Так жизнь шла своим чередом в маленькой горной долине, к общему удовольствию и удовлетворению всех ее обитателей, кроме одного только Билля. Каждый отъезжающий от гостиницы экипаж, казалось, увозил с собой частицу его душу; и когда кто-нибудь из путешественников шутя предлагал ему местечко в своем экипаже, мальчику стоило неимоверного труда подавить охватывавшее его всякий раз в таких случаях волнение. Но добродушные старики, его приемные родители, да и сам шутник, даже не подозревали его горя. Каждую ночь ему снилось, что смущенные слуги будят его, что у дверей его ждет роскошный экипаж, готовый увезти его далеко-далеко, на равнину. И каждую ночь видит он этот сон, и то, что поначалу было для него чистой радостью, стало мало-помалу принимать почти зловещий характер. Этот ночной призыв и ожидающий у дверей экипаж стали занимать в его воображении столь серьезное место, что он затруднялся сказать, следует ли ему радоваться этому видению или же опасаться его.
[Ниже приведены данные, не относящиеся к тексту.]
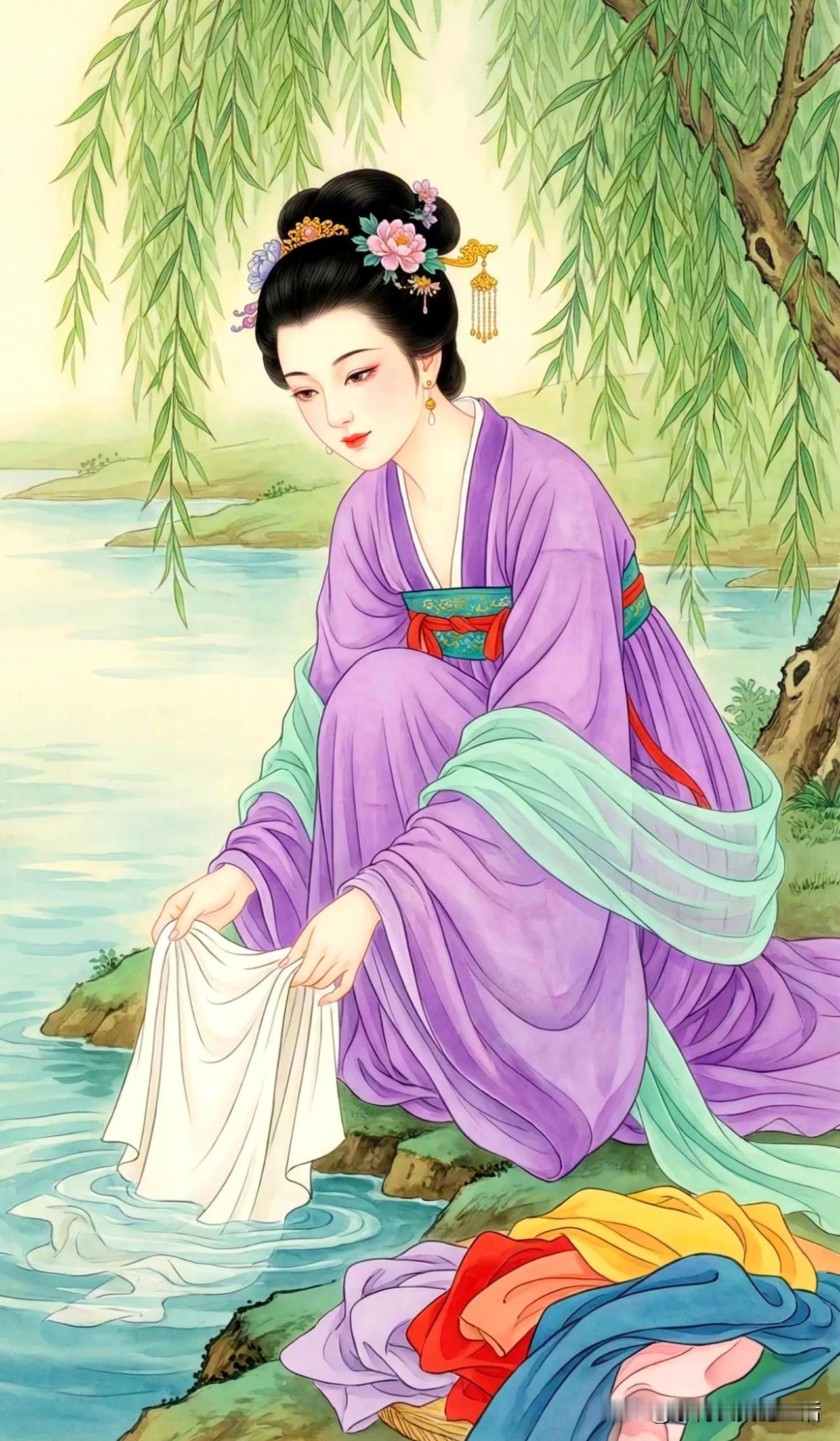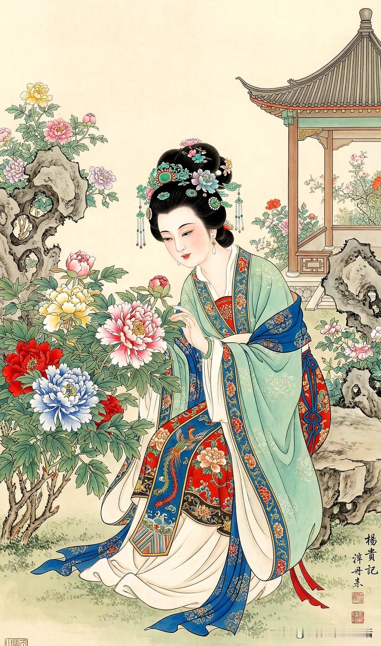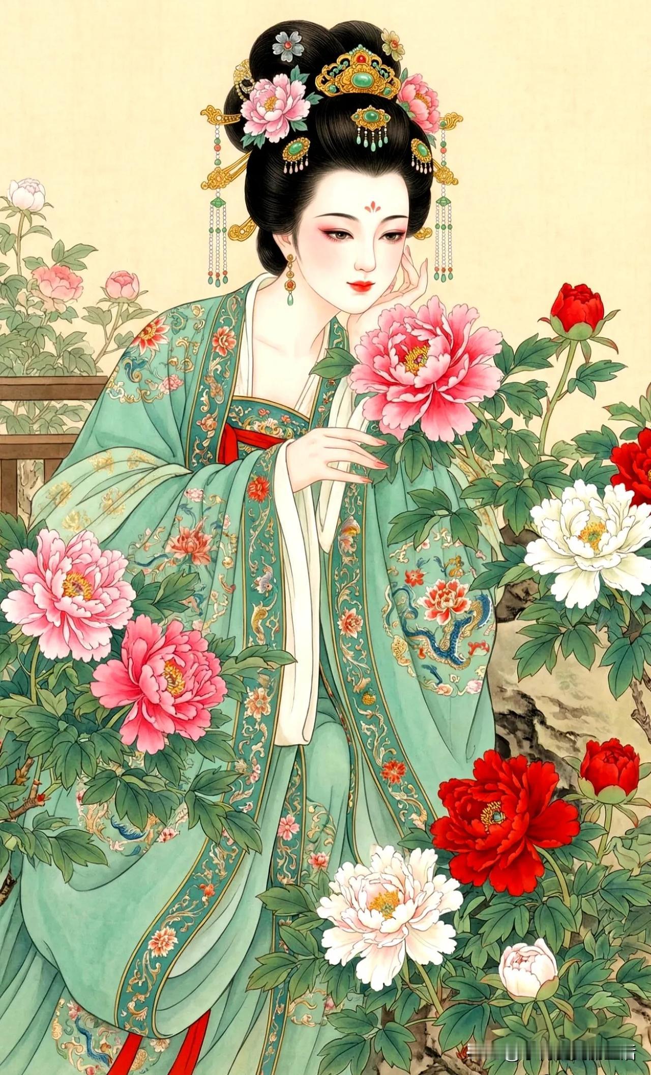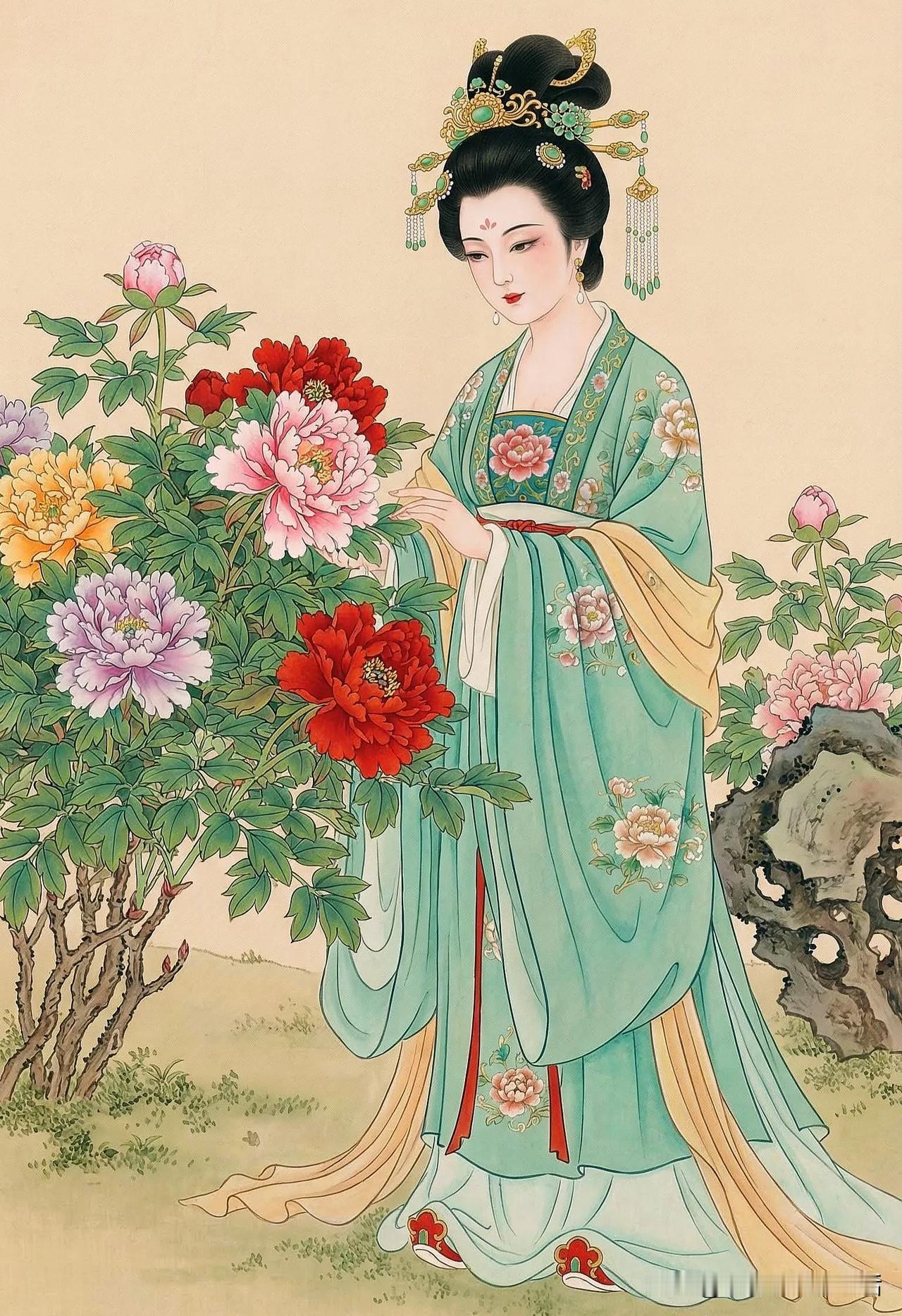 穿越千年的古典美人,手持团扇,静看桃花盛开。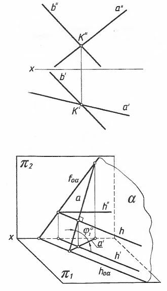 Для студентов по предмету Черчение29. Через точку К провести горизонталь и фронталь заданной29. Через точку К провести горизонталь и фронталь заданной

Однажды, это было, когда Биллю исполнилось уже шестнадцать лет, в их гостиницу перед закатом солнца прибыл молодой толстяк, пожелавший здесь переночевать, а завтра ехать дальше. Он выглядел жизнерадостным человеком, с веселым приветливым взглядом и добродушной улыбкой; в руках у него была дорожная сумка и книга. Пока ему готовили обед, он прошел в беседку и расположился читать, но стал наблюдать за Вилли и настолько отвлекся от своего чтения, что даже отложил книгу в сторону. Как видно, он принадлежал к числу тех людей, которые предпочитают живую человеческую речь самым разумнейшим печатным рассуждениям, и общество живых людей обществу людей, созданных при содействии чернил и бумаги. Билль, со своей стороны, хотя и не особенно заинтересовался с первого взгляда этим приехавшим, вскоре стал находить серьезное удовольствие в беседе с ним; разговор его отличался и большим добродушием, и большим здравомыслием, и в конце концов Билль проникся громадным уважением как к самой личности своего собеседника, так и его широкому уму и образованности. Беседа их затянулась до поздней ночи, можно сказать, даже до утра. Около двух часов после полуночи Билль открыл молодому толстяку свою душу, он рассказал ему все, что у него было на сердце и на уме: как он стремился вырваться из этой тесной горной долины, какие блестящие мечты и надежды у него связаны с многолюдными городами там, на равнине. Какая жажда видеть все, чего он никогда не видел, мучает и томит его уже много лет.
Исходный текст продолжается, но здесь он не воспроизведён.